[Local events] Friday 5/16: Cinema Project / Cooley Gallery, films for Jess

David Abel passages at rdrop.com
Tue May 13 23:03:23 PDT 2008

An evening of experimental film, music, food, and conversation

Friday, May 16

Doors open 6:30 p.m.
Films begin at 7:30 p.m.

Podkrepa Hall
2116 N. Killingsworth Ave.

$6 at the door, no reservations required

Special musical guests Evolutionary Jass Band



The Back Room welcomes Cinema Project
with a communal brown bag dinner on the occasion of the exhibition
Jess: To and From the Printed Page
(see end of message for exhibition information)

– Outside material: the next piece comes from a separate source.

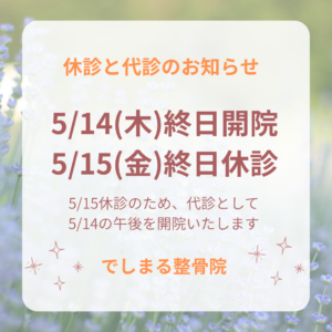 🍀5月の休診と代診のお知らせ🍀 2026.04.06 🍀5月の休診と代診のお知らせです🍀誠に勝手ながら、5/15(金)は休診いたします。その代わりといたしまして5/14(木)の午後を開院いたします。ご迷惑をおかけしますがどうぞよろしくお願いいたします。 4月の保育カレンダー 前の記事

This special program, organized by Cinema Project’s Jeremy Rossen and 
commissioned by the Cooley Gallery, brings together films that were 
either directly or indirectly inspired by Jess. The films are shown in 
16 mm.

In Between
Stan Brakhage [1955, 16mm, color, sound, 10 min.]
Visions of a City
Larry Jordan [1957-1978, 16mm, sepia, sound, 8 min.]
The Man Who Invented Gold
Christopher Maclaine [1957, b&w & color, sound, 14 min.]
The 40 and 1 Nights (or Jess' Didactic Nickelodeon)
Larry Jordan [1961, 16mm, color, sound, 6 min.]
Christopher Maclaine [1958,16mm, color, sound, 6 min]
Ron Rice [1962, 16mm, b&w, sound, 28 min.]
Wallace Berman [1958-1976, 16mm, color, silent, 10 min.]

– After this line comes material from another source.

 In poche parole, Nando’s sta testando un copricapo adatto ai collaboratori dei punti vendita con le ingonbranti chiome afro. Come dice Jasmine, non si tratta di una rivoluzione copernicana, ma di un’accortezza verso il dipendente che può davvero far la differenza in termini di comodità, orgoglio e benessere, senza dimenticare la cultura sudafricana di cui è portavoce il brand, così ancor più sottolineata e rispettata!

The film In Between by Stan Brakhage, with music by John Cage, is a 
portrait Brakhage made of Jess, “a daydream nightmare in the surrealist 
tradition.” Bay Area legend filmmaker Larry Jordan collaborated with 
Jess on The 40 and 1 Nights (or Jess' Didactic Nickelodeon) Jess 
performs 41 (now lost) collages to (his) selected sound bits in the 
manner of a turn-of-the-century nickelodeon. Jordan collaborated with 
poet Michael McClure on Visions of the City, a portrait of both McClure 
and San Francisco in 1957. Christopher Maclaine was active in the early 
beatnik scene of North Beach in the 1940s and 1950s as one of the 
authentic characters at the very emergence of the beat movement on the 
West Coast. The Man Who Invented Gold is MacClaine’s masterpiece about a 
madman’s alchemical quest for gold, while Beat captures the existential 
angst and futility of bohemian life. Senseless by Ron Rice portrays 
ecstatic travelers going to pot over the fantasies and pleasures of a 
trip to Mexico. Aleph, by Wallace Berman, is an artist’s meditation on 
life, death, mysticism, politics, and pop culture. In an eight-minute 
loop of film, Wallace Berman uses Hebrew letters to frame a hypnotic, 
rapid-fire montage that captures the go-go energy of the 1960s and has 
been described by Stan Brakhage as “the only true envisionment of the 
sixties I know.”

Jess Collins, known simply as “Jess” (1923 -- 2004) was a highly 
influential Bay Area painter and collage artist who emerged in the 1950s 
within San Francisco’s burgeoning literary culture. A brilliant chemist 
who worked on the Manhattan Project, Jess abandoned his scientific 
career in protest of nuclear weapons and devoted his life to art, moving 
to San Francisco in the late 1940s, where he met the poet Robert Duncan. 
The two remained life partners until Duncan's death in 1988. In 1952, 
Jess, Duncan and painter Harry Jacobus, opened the King Ubu Gallery in 
San Francisco, which became a center for alternative art and culture. 
Often working on large-scale, serial projects, Jess gradually evolved 
his unique method of meticulous collage work and representational 
painting, incorporating both popular and esoteric source material in 
complex compositions. Jess collaborated extensively with filmmakers, 
poets, artists, and writers, including Robert Duncan, Larry Jordan, 
Denise Levertov, Michael McClure, Wallace Berman and Harry Jacobus.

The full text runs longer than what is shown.